Shaken, rattled and rolled

Is it possible to live a lifetime in a day? Of course it is. After today I'd be tempted to say you can live a lifetime in 8 minutes. That's how long you have to wait until you can hit the morphine delivery button to get another dose. I wouldn't have believed that the hands on a clock could actually stop until today. Last night was another experiment in torture. Though everyone here at Lucille Packard Children's Hospital (LPCH) is as kind as the day is long, Casey and I have removed to rose colored glasses. Tessa slept soundly last night until 2:30 when she woke up in agony. Over the next couple of hours I did my best to get her any relief. The doctors were slow to increase her dosage, but I came out swinging. Still, it wasn't enough. The nurses wanted her hooked up to all kinds of wires to monitor her after the dosage increase, but she was already in so much pain it was just kicking a downed dog. I told them she needed more, but they were slow to respond. Finally she passed out at 6 this morning and we both managed a few more hours of sleep.
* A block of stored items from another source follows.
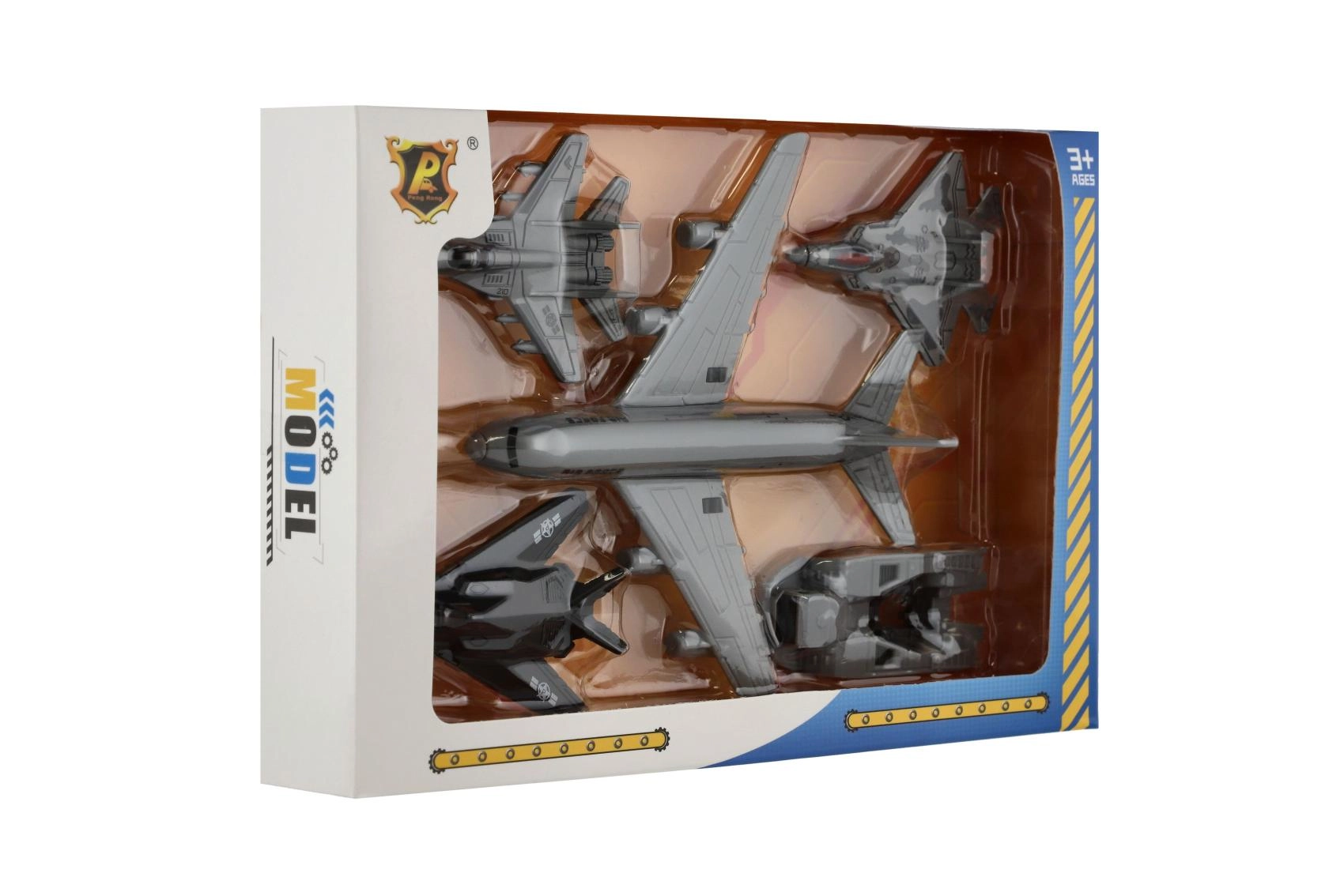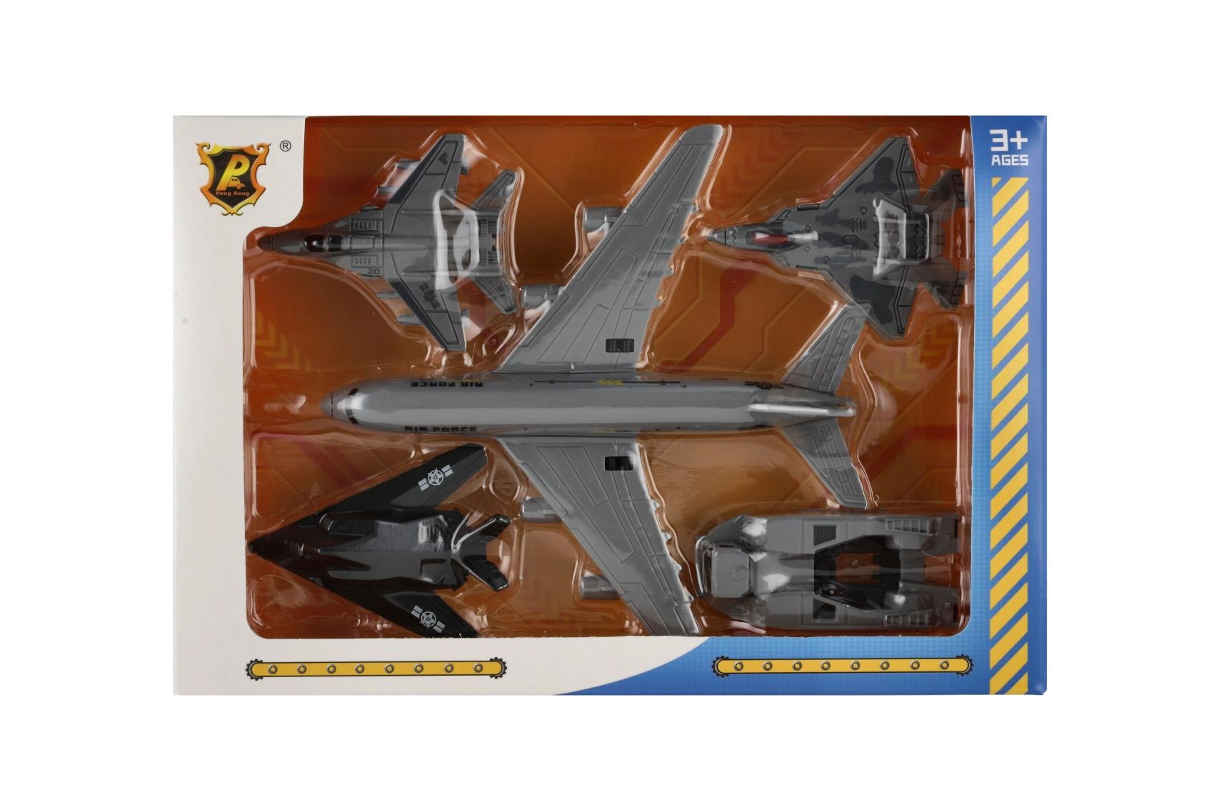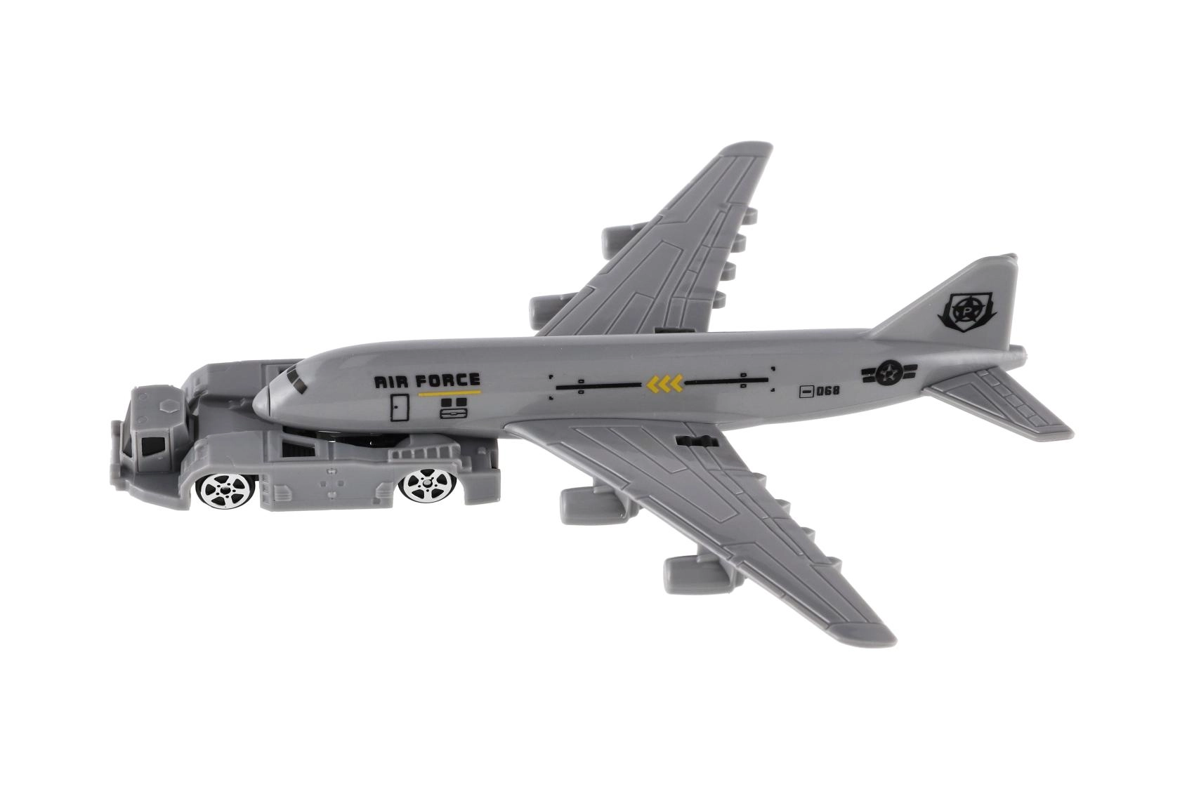 Un avion gris imposant avec l’inscription « Air Force » donne le ton à l’ensemble. Grâce à son train d’atterrissage et à la roue libre, il se manie facilement et permet de créer des scènes aériennes réalistes.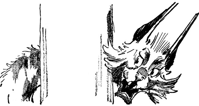 At this, the owner of the house, in order to have a better look at his visitor, leaned so far out the window that Peter gave a sharp cry.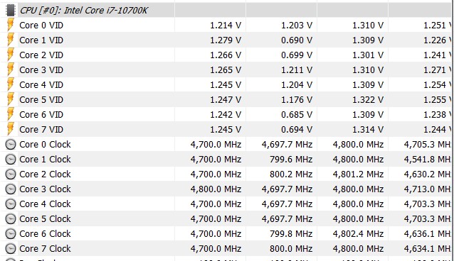 Это снова я со своим 10700k. Довольно много времени потратила на тестирование, и судя по всему +0.060 вольт в адаптиве с llc medium оказались стабильными для моего экземпляра. Провела в fallout 76 почти 14 часов возле города, где лучше всего ловились internal parity error, и не поймала ни одной whea. Надеюсь, что не просто совпадение, т.к. с повышением вольтажа ошибки появлялись все реже и реже. В итоге имею +0.115 относительно стабильного в Prime95 и LinX вольтажа на 4700 мгц (и +0,035 относительно стабильного в прайме вольтажа для 4900 мгц, вот ведь бред )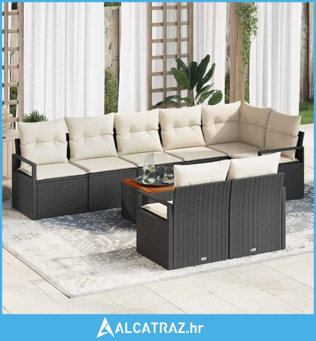 9-dijelni vrtni set za kauč s jastučićima crni poli ratan akacija, 2-s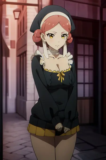 Since she only appears very shortly in the anime, so there are less images to train this lora with, so it doesn't adapt to changing clothes as well as the other more prominent characters. The quality might also be slightly lower than the others.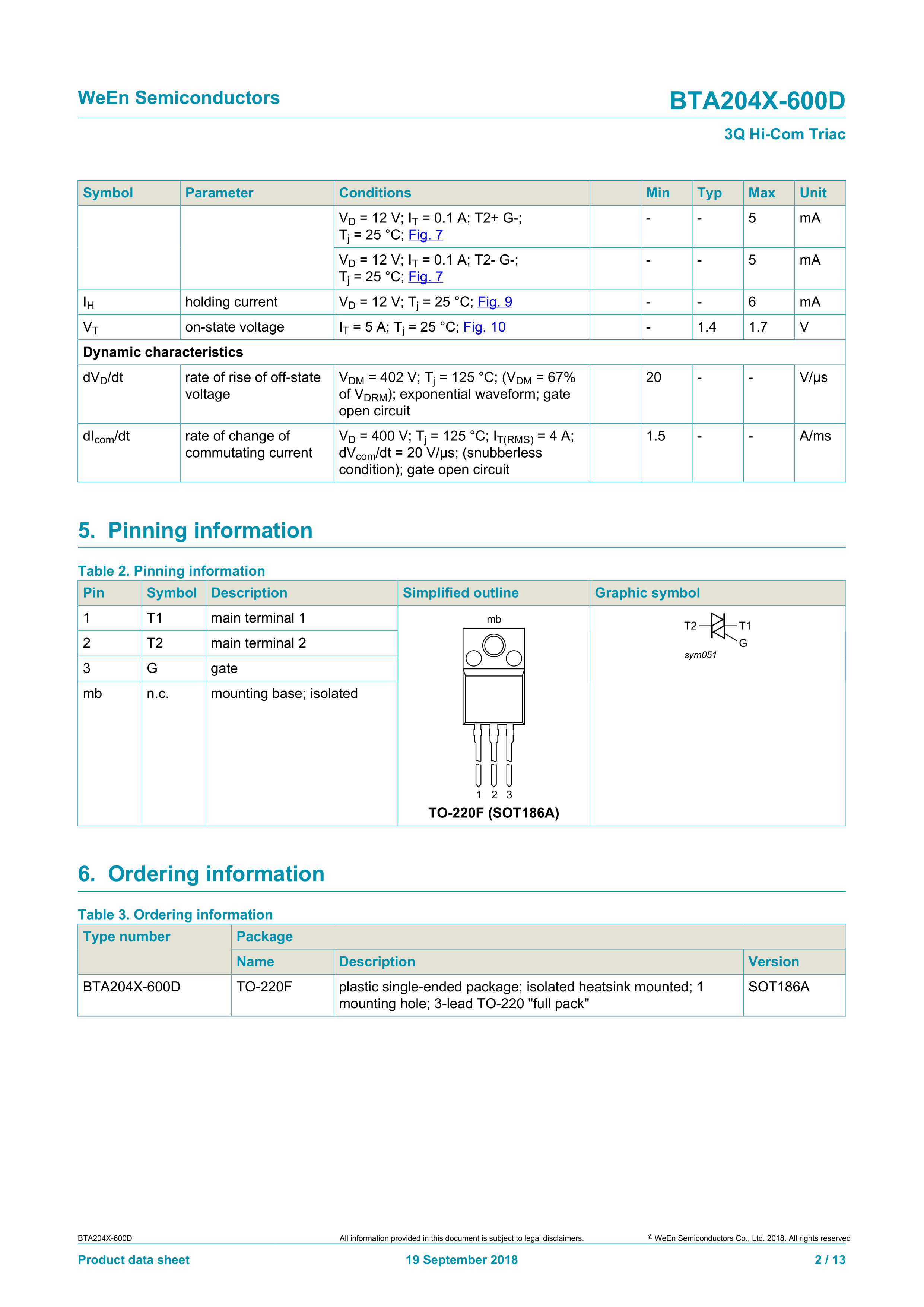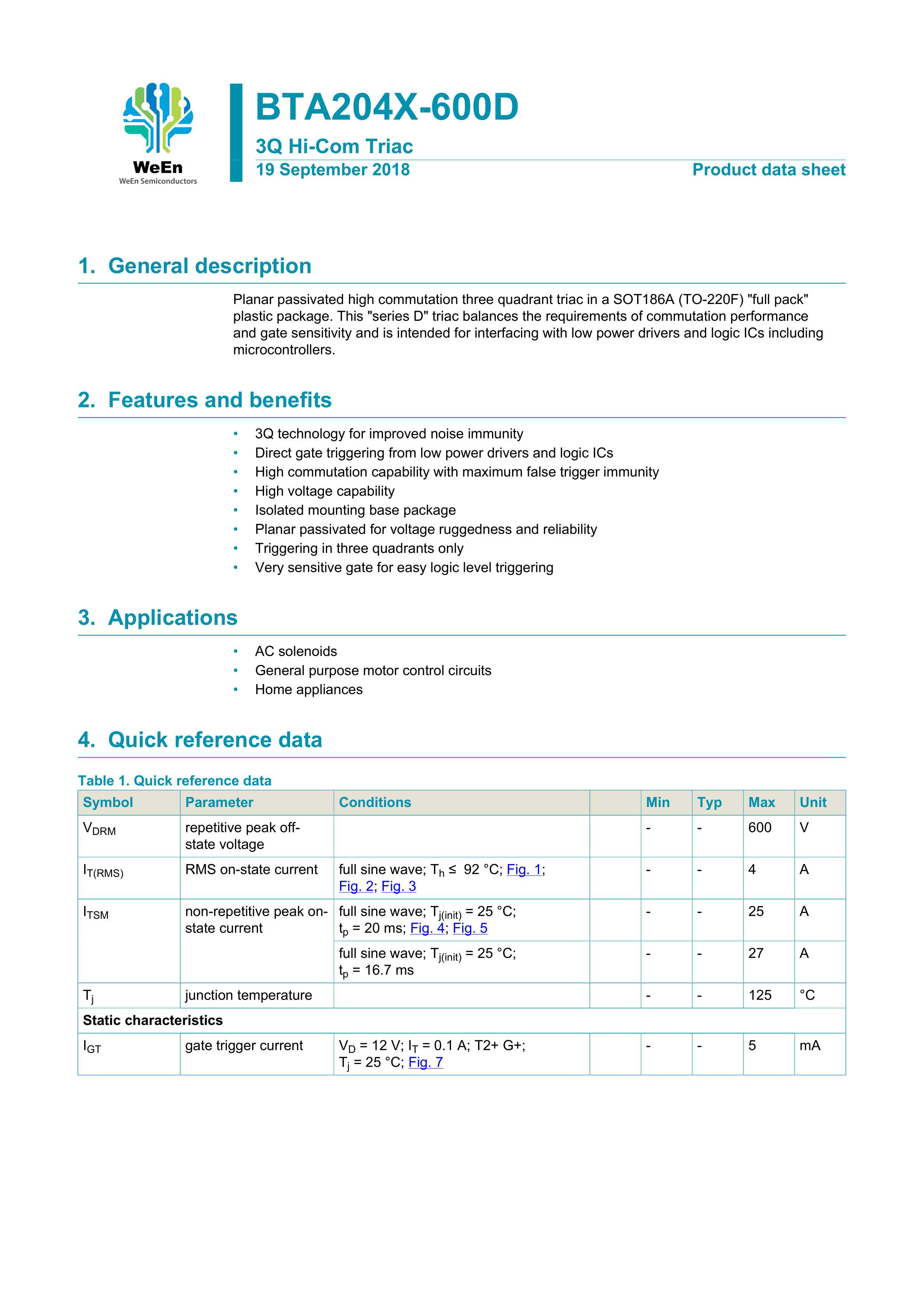 BTA204X-600D127数据手册SOT-186A封装WeEn(瑞能)PDF规格书,中英文下载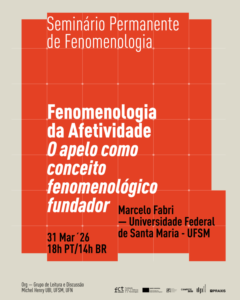 Esta atividade está integrada no Seminário Permanente de Fenomenologia: Fenomenologia da Afetividade - PRAXIS Centro de Filosofia, Política e Cultura (UBI/UÉ), organizado pelo Grupo de Leitura e Discussão Michel Henry – UBI, UFSM, UFN.
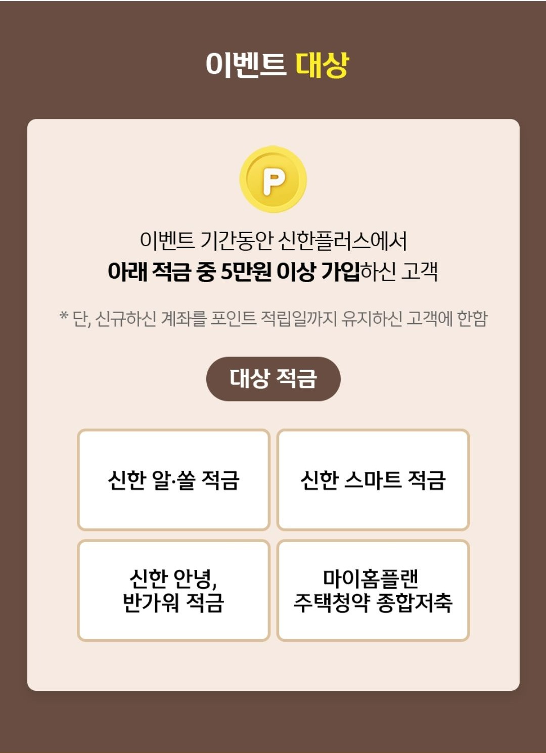 ✔ 이벤트 대상 : 이벤트 기간 동안 신한플러스에서 해당 대상 적금 5만 원 이상 가입한 고객

Once again she woke to the cruel bedfellow that has become all to familiar to her in the last month and a half. Again, it was like drawing teeth to get the doctors to move in the right direction. She suffered all morning and afternoon. They told us that likely she was stressed, and wanted to giver her Ativan, an anti-anxiety drug. We balked saying that she was stressed because she's in PAIN! But after the team talked it up we decided to give it a try. Between the ativan and the dilauded she became totally out of it. She was exhausted but couldn't sleep, her eyes rolling back in her head only to snap back time after time. We tried to take her to the play room, but five minutes after arriving she threw up the only thing she had eaten all day.

When we got back to the room we said we wanted to talk to the Pain Team. When they got there I unloaded telling them that she had been in less pain when we had her at home. I told them that since we had gotten here she had suffered more, experienced more discomfort and nausea than at any previous point. They decided to overhaul the plan and put her back on the oxycodone and tylenol at a much higher dose.

She is finally asleep, and I'm hoping that we are both going to get some rest. She is scheduled for another bone marrow biopsy for Monday, this one in her femur. After that she is going to be put on tetracycline (an antibiotic) for a couple of weeks as part of preparations for a very specialized type of bone biopsy that will be performed in LA. We are hoping and praying that we get the pain under control quickly so we can take her back to Casey's parent's house tomorrow and avoid any more time in the hospital.

I'd like to say thank you to everyone for the gifts that you have given to Tessa and our family. I have made no attempt at thank you cards, and I hope that you can all forgive me. Linda and family: thank you so much for the Dora care package, Tessa hasn't been without the blanket since she got it!; Kristin and family: thank you for the butterfly observation kit-we can't wait til we can get it going; Ruda: thank you for the coloring books and sticker set; Jennifer and Co.: you guys are amazing, Tessa opened your care package today-great stuff for hospital bound girl!; Kristy: thank you for dinner and your amazing reading skills, it was such a relief to see her smile and engaged!; Katie, Marc, Sam and Elle: thank you for dinner and your ongoing love and support, your girls are magic. If I have forgotten anyone I hope you can forgive me. If I'm not returning texts or answering calls, be patient. I love hearing from you all, but at times I fear that if I open my mouth I'll start crying and never stop.

Pray for our girl, she is in the dark night of the soul.